Старший Андерссон часто заводил разговор о заработной плате, только сын не прислушивался – старые песни. Но сейчас он почувствовал беспокойство; он посмотрел на свои темные от масла руки, потом на зубоскала вахтера. Он вспомнил рабочего из ночной смены, который сошел с ума и убил жену и себя, потому что та ждала еще одного ребенка. – Какая у вас красивая форма, – сказал молодой Андерссон. – «Дорогая Анна, – написал тот на клочке туалетной бумаги, – прости меня. Я извелся от страха. Ничего не поделаешь. Я был счастлив с тобой. Поблагодари от меня свою сестру за помощь». Убить жену он, видно, надумал позже – чтобы не мучилась без него. Всему этому должно быть какое-то объяснение, думал молодой Андерссон, уводя глаза под самую крышу стеклянного здания.

– У меня, видишь ли, ответственная работа, – пояснил вахтер. – Я должен знать, что говорить посетителям. Мне каждые полгода выдают новую пару обуви. В «Кроге» нужно иметь приличный вид.

– Дома у меня есть новый костюм, – сказал молодой Андерссон. – Только я спешил. Мне нужно сказать герру Крогу об отце. – Тогда тебе нужно отправляться в Салтшебаден, – сказал вахтер. – Они все укатили туда ужинать. – Вахтер, видно, решил разделаться с молодым Андерссоном, как с кровным врагом. – Тебе нужен смокинг. – Это далеко?

– Километров двадцать.

– Тогда я пошел, – сказал молодой Андерссон. – Не спеши, – сказал вахтер. – Вполне успеешь переодеться. Поезда идут каждые полчаса.
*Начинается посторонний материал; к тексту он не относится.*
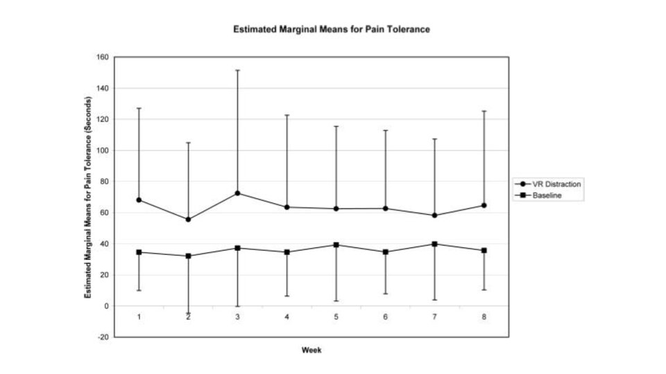 #VirtualReality wane over time? Do patients habituate to#VR like developing tolerance to#opioids? I've found several studies that say "no"; VR continues to work. Couple examples: Rutter et al (PMID 19231295) on left, Hoffman (PMID 11587113) on right.pic.twitter.com/ME1O09Xqsm

– У меня нет денег на поезд, – сказал молодой Андерссон. – Я пойду пешком.

– Тогда ты явишься только к полуночи.

– Попрошу кого-нибудь подвезти, – пробормотал он, отходя. Он слышал, как за воротами веселится вахтер, и вера в мужское товарищество заколебалась в нем.


***


Они не взяли шофера, за руль сел Энтони. Ему и принадлежала эти идея. По шоферу, сказал он, машину сразу опознают. Крог не возражал. Он вообще вел себя образцово во время всей поездки. Когда Энтони останавливал машину около ресторана, Крог пил наравне с ним. Кейт с тревогой следила за ним. Крог с важным видом сидел перед своим стаканом и не произносил ни единого слова.

В третьем ресторане Крог разбил стакан. Энтони только что сказал:

– Завтра мы с Эриком отправимся по магазинам, Надо его одеть. В конце концов, мы теперь почти братья.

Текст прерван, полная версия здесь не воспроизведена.